From: Oliver Seely <oliver@-----.EDU>
Subj: [kl] The future of home practice?
Date: Tue, 13 Oct 1998 19:44:22 -0400

I encountered a Web page by accident the other day with MIDI files of
fully orchestrated serious works, some with as many as 27 instrument
assignments. I can't help but think that the future of home
practice lies with the liberal use of such works.

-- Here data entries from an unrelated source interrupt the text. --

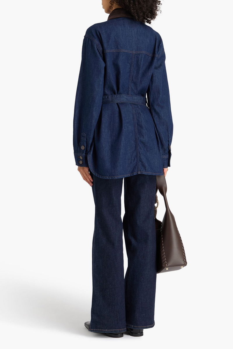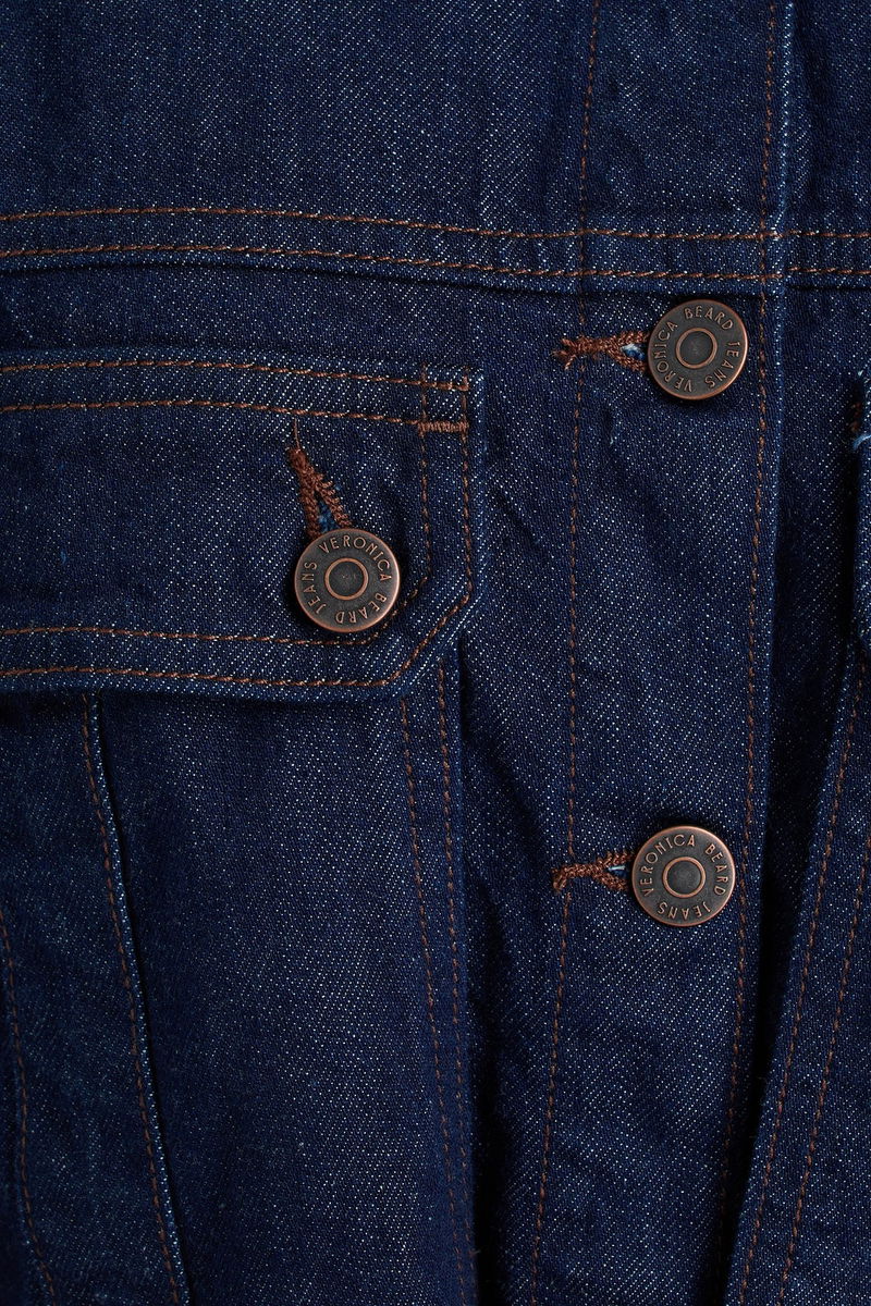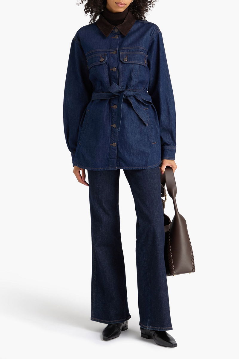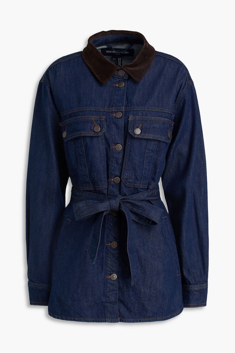 Jacket, Denim, Corduroy trims, Detachable waist tie, Buttoned cuffs, Side slant pockets, Breast pockets, Button fastenings through front.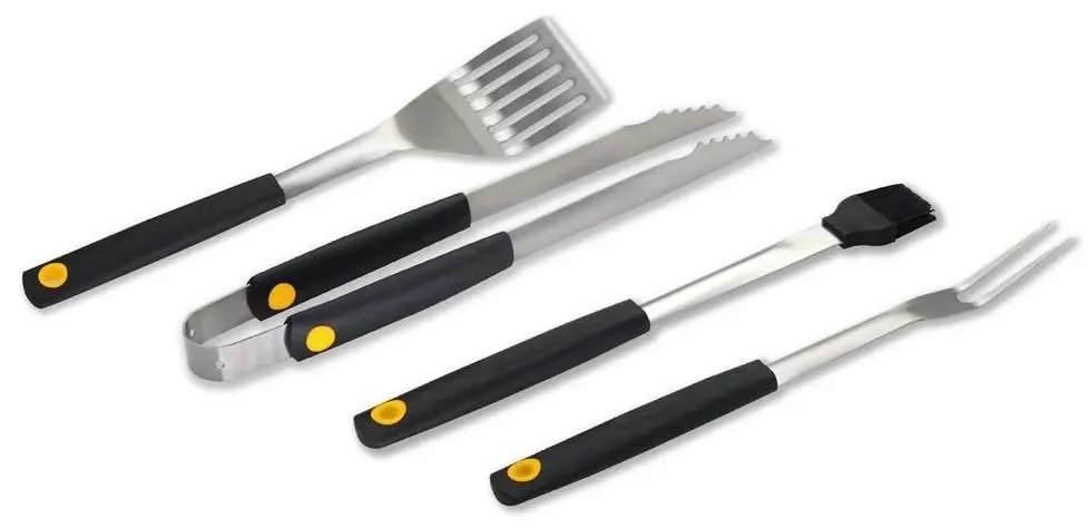 Tato sada obsahuje čtyři základní kuchyňské pomůcky pro grilování: lopatku, vidličku, kleště a štětku. Vyrobené s odolnými nerezovými částmi a pohodlnými plastovými rukojeťmi, které usnadní manipulaci.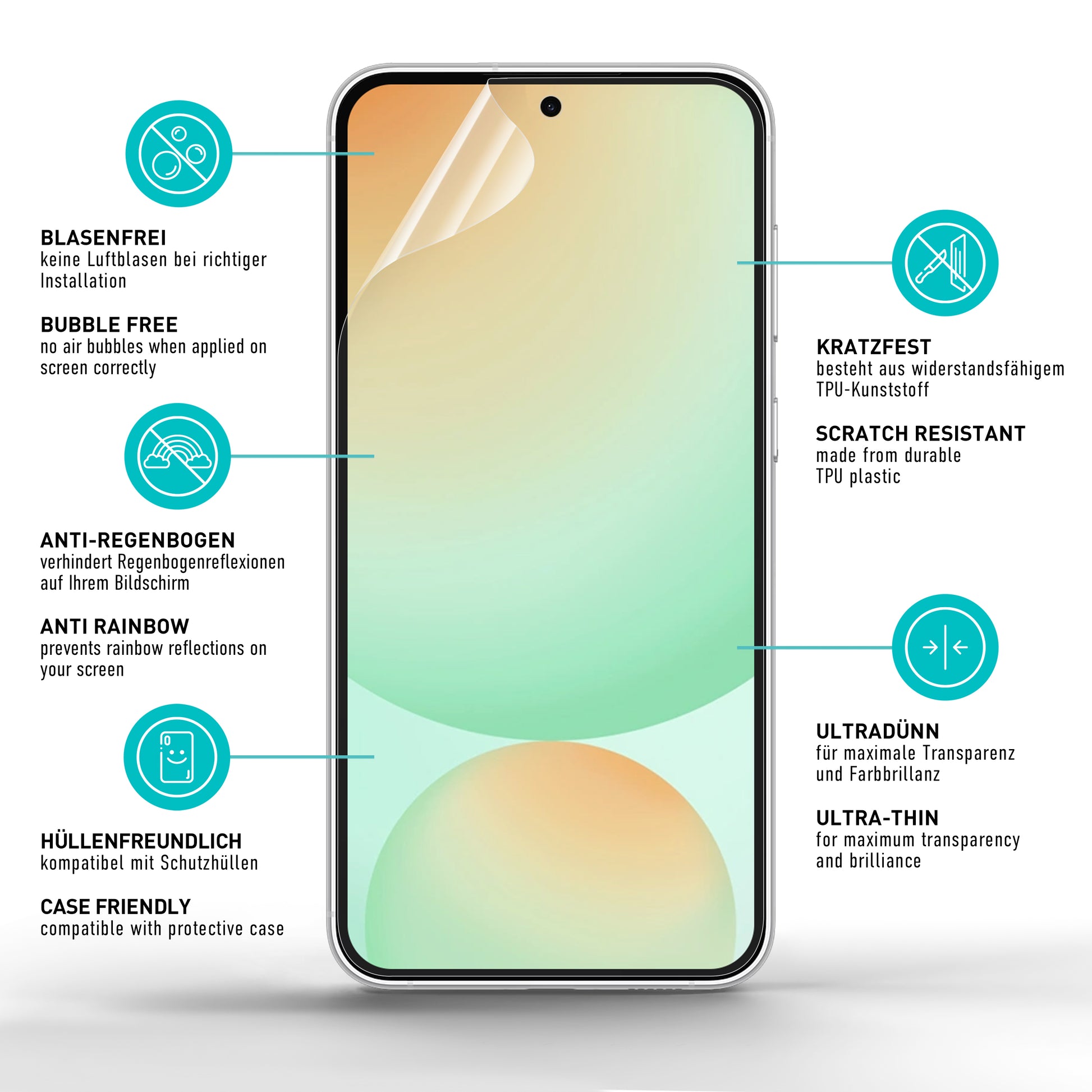 Perfect fit: The ultimate protective film made of high-quality TPU plastic is 100% compatible with the Samsung Galaxy S24 FE. Thanks to a special oleophobic coating, dirt, grease streaks and fingerprints can be easily removed with a single wipe, keeping your display clean at all times.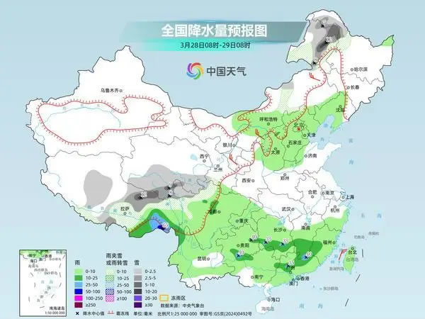 明天,內(nèi)蒙古東北部、黑龍江西北部和中部、吉林東部、新疆南部、西藏西部、青海東部和西部、甘肅南部、川西高原北部等地部分地區(qū)有小到中雪或雨夾雪,其中,內(nèi)蒙古東北部、黑龍江西北部、青海東部、新疆南部等地部分地區(qū)有大雪或暴雪。西北地區(qū)東南部、江淮西部、江漢南部、江南大部、華南北部及重慶東部、貴州東部等地部分地區(qū)有中到大雨,其中,湖南西部和東北部、江西中北部等地部分地區(qū)有暴雨或大暴雨。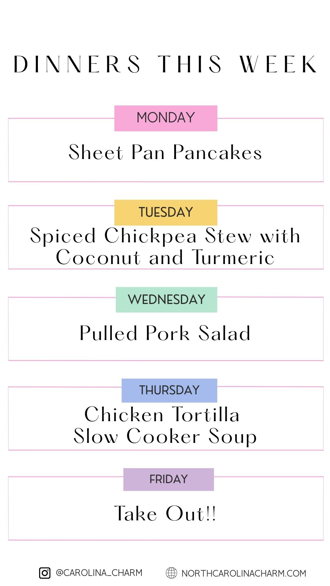 Sheet Pan Pancakes, Spiced Chickpea Stew with Coconut and Turmeric, Pulled Pork Salad, Chicken Tortilla Soup, Take Out!!
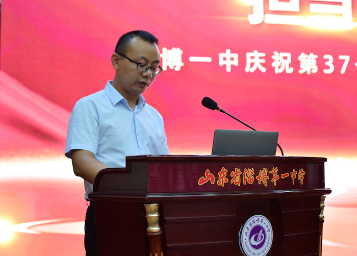 会上,“2021淄博最美教师”称号获得者岳峰老师、学校“十佳班主任”获得者秦枭老师作了典型发言。
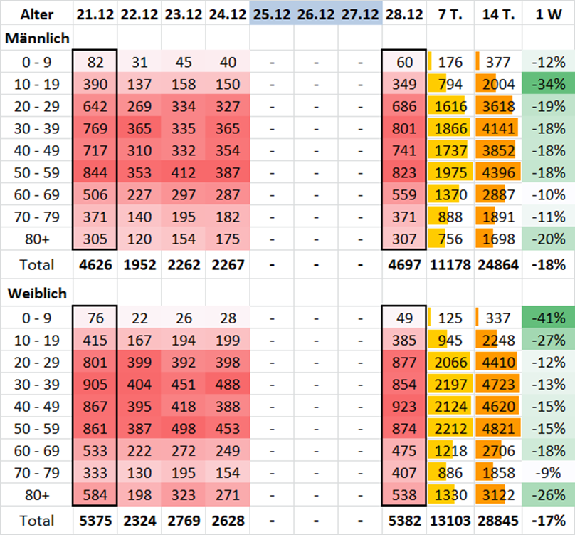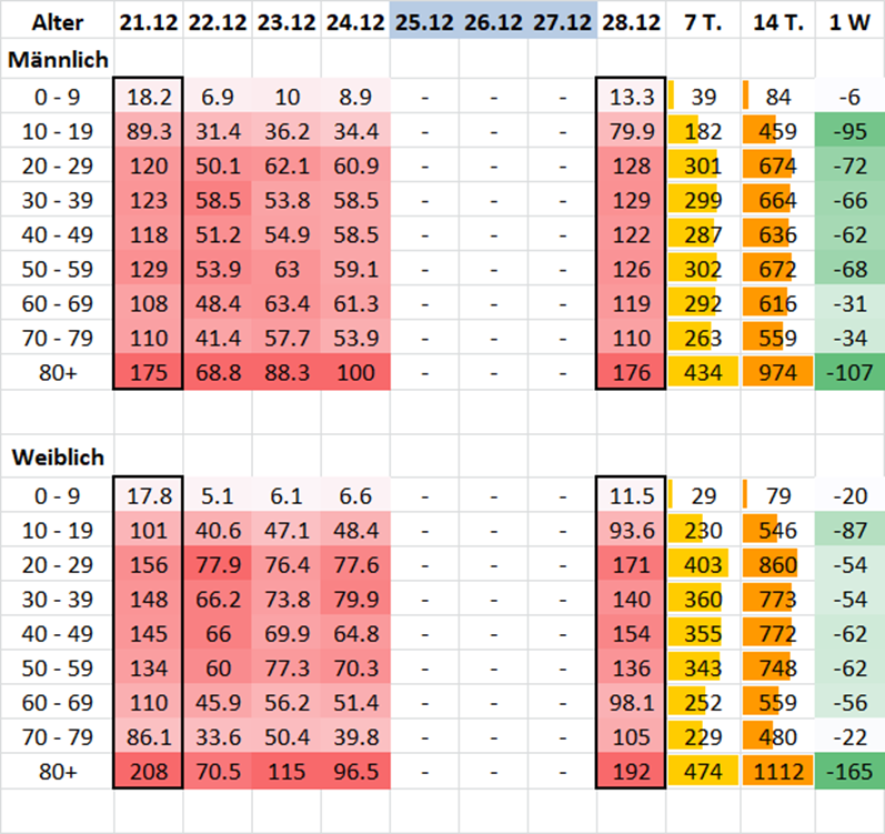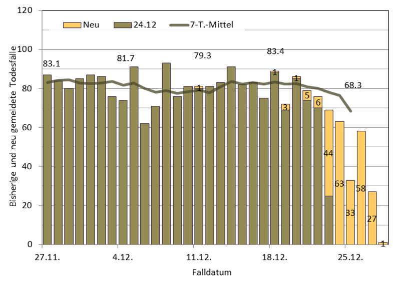 Epidemiologische Kurve der letzten 4 Wochen (bis 26.12./22.12.):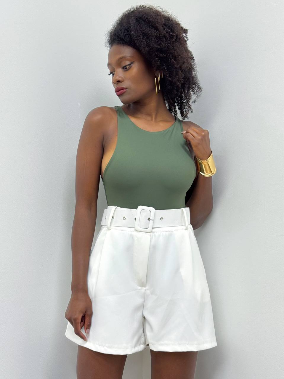 Shorts con cintura con dettaglio di pince sulla parte centrale. Dettaglio di taschine laterali.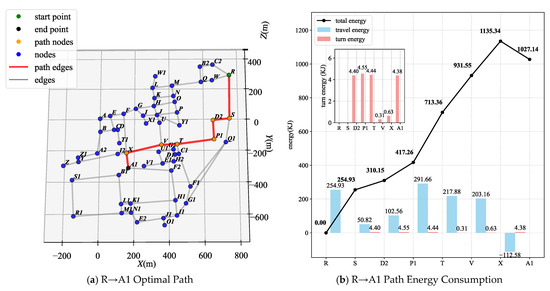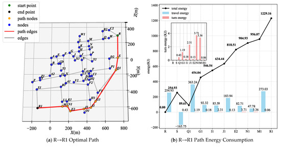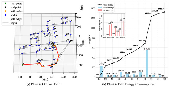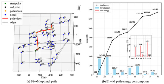Employing the E-IACO algorithm, this study solved vehicle path planning problems across different scenarios under conditions of a total vehicle mass of 5300 kg and a constant speed of 30 km/h. Optimal paths and their energy consumption characteristics were obtained for each scenario. Experimental results are presented in Figure 7, Figure 8, Figure 9 and Figure 10, which, respectively, illustrate schematic diagrams of optimized paths from various starting points to destinations, along with corresponding segmented energy consumption analysis charts. The energy consumption analysis comprises two components: turning energy consumption and driving energy consumption. The occurrence of negative driving energy consumption in Figure 7b and Figure 8b visually demonstrates the energy recovery process during vehicle descent, validating the energy consumption model constructed in this paper for capturing this physical characteristic.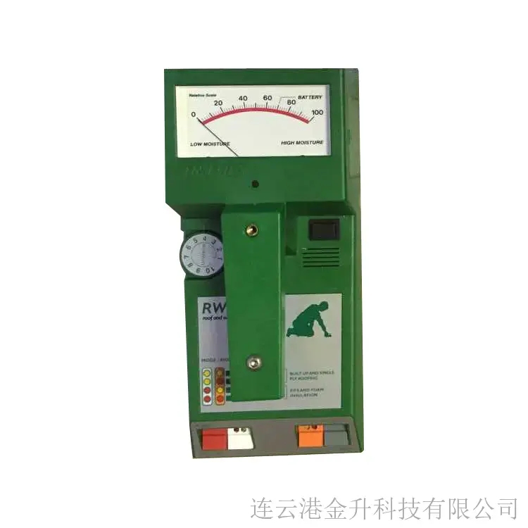 Tramex公司的RWS是一个电子手持式湿度扫描仪及检测仪,其工作基于电子阻抗原理。通过使用电子阻抗测量,无害信号从仪器底部的电极传输至被测区域的深度。这些信号测量读数电子阻抗的变化,然后仪器将电子阻抗的变化转化成相对含水量并即时地显示在清晰的大模拟表盘上。读数即时且连续。同时,RWS配备有一个发生装置,用于高读数的报警。RWS可以以不太贵的价格和不太复杂的操作,对大部分纤维加固EIFS墙面覆盖系统、诸如卷材屋面、非导电单层胶合板、改性泡沫屋面材料的屋面系统给出必要的信息进行湿度评估。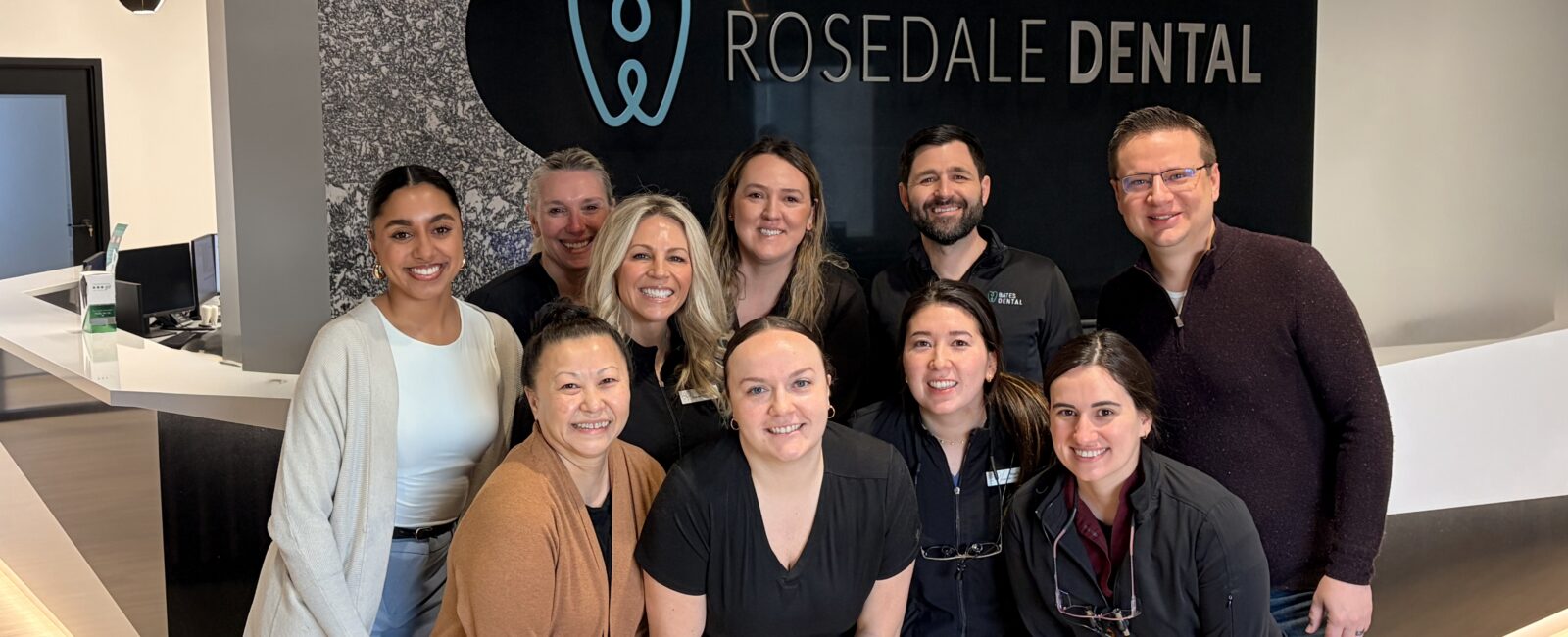Rosedale Dental staff pose with Drs. David Bates (back row, second from right), Katie Hannon (back row, third from left) and Isabella Tonarelli (first row, furthest right). Courtesy of Rosedale Dental.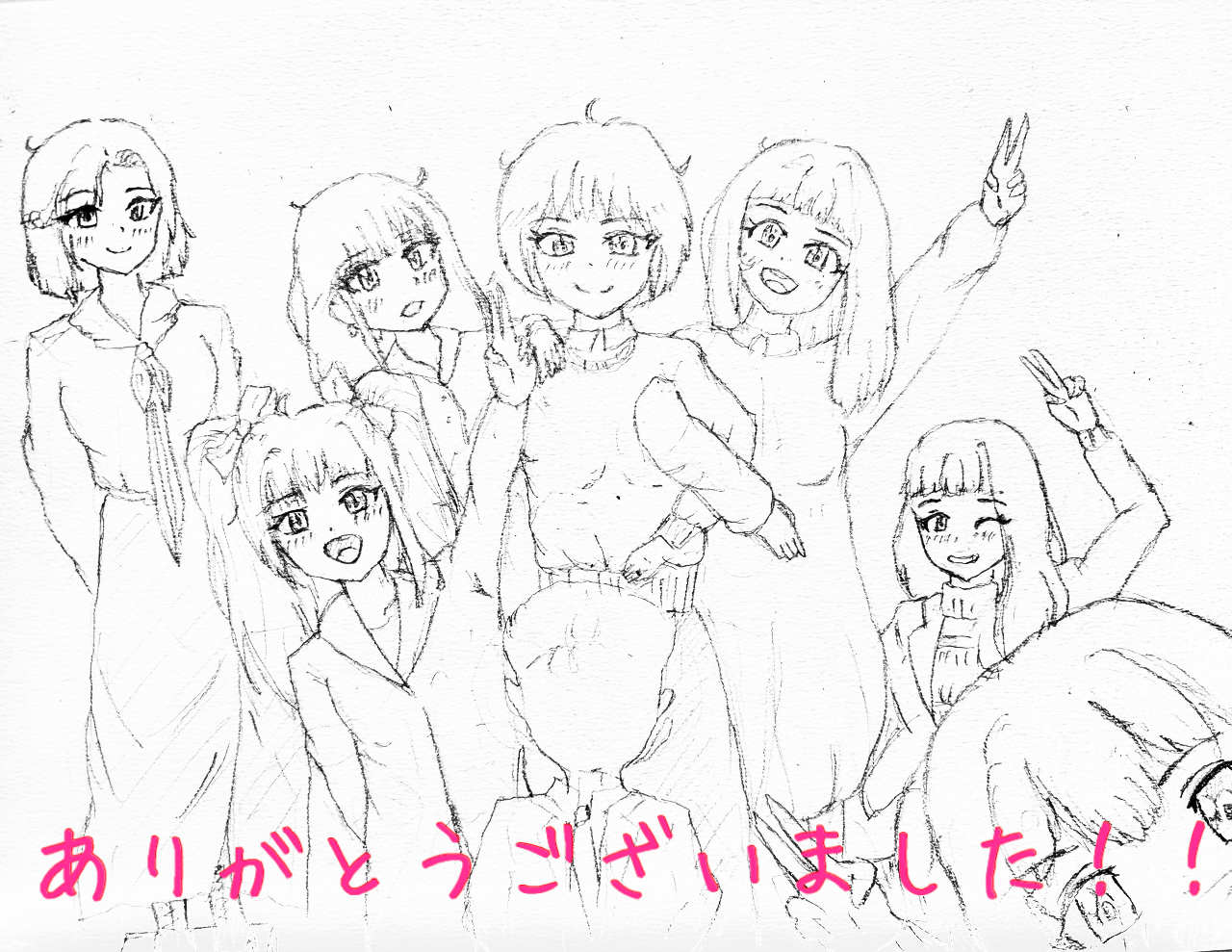 左から、さくら、ことは、綾乃、りんご、瑠衣、歌恋、正面おじさん、手前はツムギです。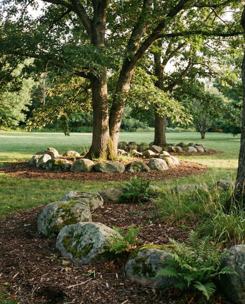 Large rocks placed and trees highlight trunks and root zones while protecting them from mowers and foot traffic. This technique feels timeless and works across styles. I’ve noticed it gives young trees instant presence and helps older ones feel respected rather than crowded. Stone framing also simplifies maintenance while elevating the overall landscape.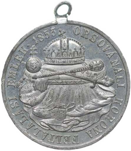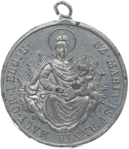 Uherská koruna s insigniemi na bibli, maďarský opis / madona, maďarský opis, Sn 29 mm orig.raž.ouško R! |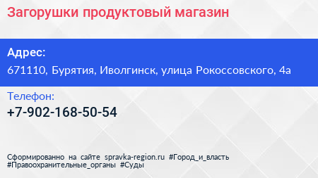 Загорушки, продуктовый магазин по адресу 671110, Бурятия, Иволгинск, улица Рокоссовского, 4а в дальнейшем Организация, размещена в следующих категориях: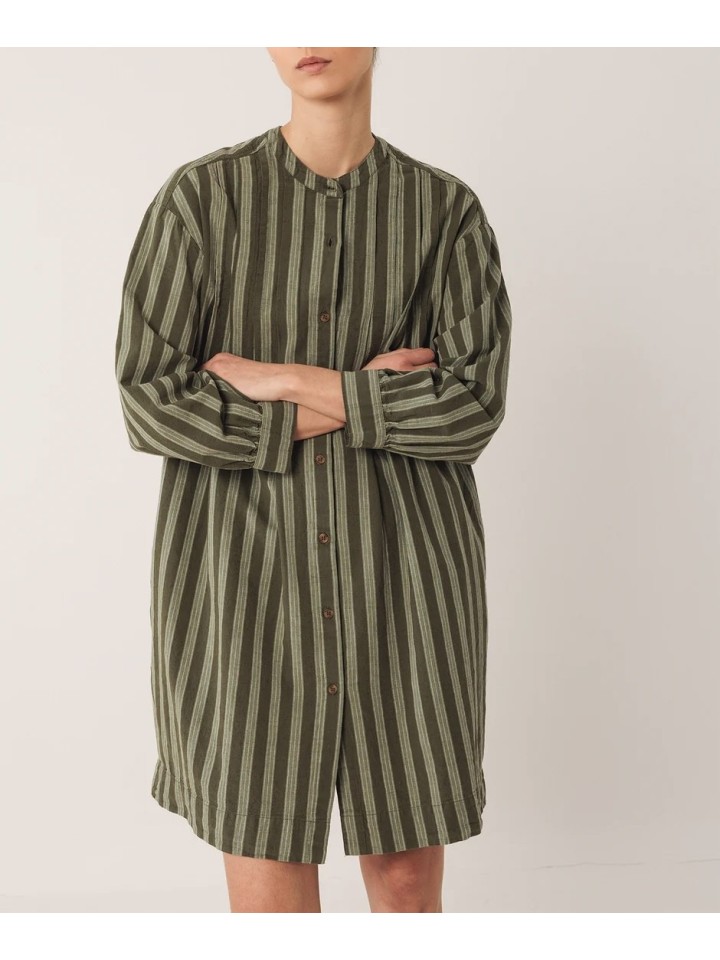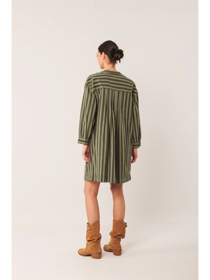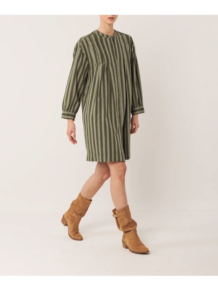 Vestido de cuello redondo y hombre ligeramente caído. Pliegues en la parte frontal y fit oversized.

Three weeks ago the director of the Huntington Beach Concert Band
quietly gave me a copy of "Blue Shades" by Frank Ticheli and
told me that he wanted me to try the "bluezy" solo, but warned me that
it speeds up to q@-----.
Now understand that I play third because, well, that's the way community
bands go. You play where you're needed. So I took it home, looked
at it a while and decided that it was incomprehensible and I'd never
be able to learn it. Then I took a look at the Web page of Manhattan
Beach Music, and THERE I found the performance file (along with
a number of other works they publish). I had to download Quick
Time 3 and I was able at least to hear the whole number. And again
I thought that it was beyond me and I'd never be able to learn it.
But I played along a couple of times and decided that what I needed
was a MIDI file which could be slowed down to about q=100 for
starters. So I sequenced the 1st clarinet part and a wooden block
sound so that I could hear the tempo, and I played that several times
(greatly slowed). At the next rehearsal I borrowed the 1st trumpet,
trombone and bassoon parts and created tracks for them,
then played along maybe four or five times during the next week.
At the next rehearsal I told the director that
I had worked out the first "bluezy" solo but I was only up to about
q@-----. "We're going
to play it tonight." When we got to it, he didn't tell the first chair
that the crazy guy in the third section had the solo. Well, I wasn't
going to abdicate my 3 minutes of fame, so we started out. The
bluezy part wasn't too obvious because it is mezzo piano and the
first probably didn't notice, but there soon followed at the faster tempo
a 16th run and a high C to D bend (glissando?) which I blasted out
for God and all of nature and it became clear to the first chair that
SOMEONE ELSE was playing HIS solo. Anyway, it went on for a whole
page. No one in the band, including the director, really knew the piece
so no one was aware of the fact that I finished a measure behind
(or maybe ahead, I'm not sure myself). When we finished, the first
trumpet came over and said, "Please tell me that you weren't sight
reading." And the director asked ME if I thought the band did all right!
It was a very amusing evening.

The point of all this is that computer generated music holds enormous
promise for rapid development of performance quality in one's playing.
James Galway himself said as much a number of months ago on
the FLUTE list. At the time he was using Vivace to rehearse for an
upcoming flute/harpsichord tour and he uses Vivace because it
is too difficult to keep a harpsichord in tune for the necessary
rehearsals.

Some of you may want to take a look at the other numbers
available in .MOV format at the Manhattan Beach Music Web page.